Nevertheless, the CPSO gave its endorsement for chelation to be performed on autistic children, stating that chelation for autism was a “valuable and evidence based” form of complementary medicine that fit within their guidelines. The physician, who has sat on several CPSO committees, continues to practice chelation on autistic children today, despite universal condemnation of the practice by autism experts, the FDA and the NHS. The complainant, Anne Borden King, told us:

“I thought I would get a letter back saying they would stop him from doing this. I am still in shock that they have done nothing.”

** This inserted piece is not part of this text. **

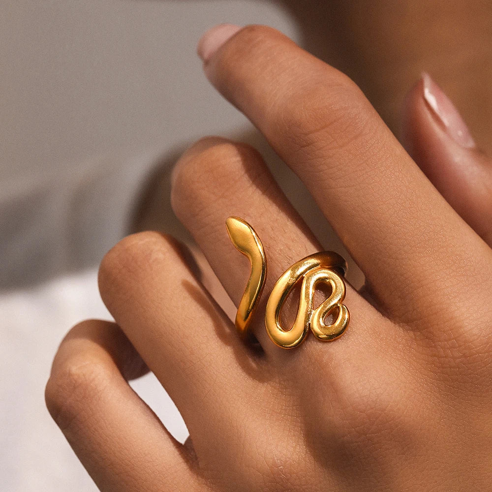 Introducing our exquisite Serpentine Gold Ring, a captivating blend of elegance and mystique. Crafted in the shape of a sinuous snake, this luxurious ring wraps gracefully around your finger, embodying both power and grace. Made from high-quality gold, its smooth, polished finish radiates sophistication, making it a timeless addition to any jewelry collection. Whether worn as a statement piece or paired with other accessories, the Serpentine Gold Ring is perfect for those who appreciate unique, artful designs. Elevate your style with this striking symbol of transformation and allure, ideal for any occasion.
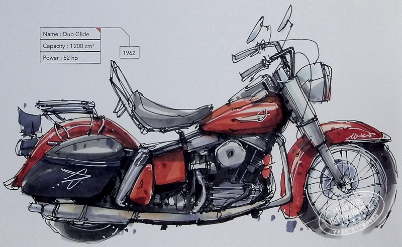 这本 Leporello(手风琴书)是为纪念标志性摩托车品牌哈雷戴维森创立 120 周年而出版的图画书。书中收录了阿尔伯特-基弗(又名社交网络上的 Housesketcher)绘制的约 30 款使该品牌闻名遐迩的车型。每幅画都是对实物的诠释,并附有该车型的主要特征:名称、生产年份、发动机排量和功率。这本书以其独特的图形和独特的形式,一定会让摩托车和哈雷车爱好者大饱眼福。

This case demonstrates the need for provincial oversight into autism pseudoscience. Self-regulating bodies are not taking action to stop pseudoscience on children. Policymakers must reconsider our province’s overly-broad definition of proxy consent, in the interest of child health and safe.

Recommendations: Regulate Autism Pseudoscience

  • Genuine government oversight of medical professionals to ensure that autistic children are not exposed to dangerous quack treatments.
  • A provincial “do not use” list of autism “cures” such as chelation
    • This can be modeled on the NHS’s Do Not Use For Autism list and the FDA’s list of banned autism “treatments”.
    • Right to consent laws that protect children from harmful autism pseudoscience like chelation.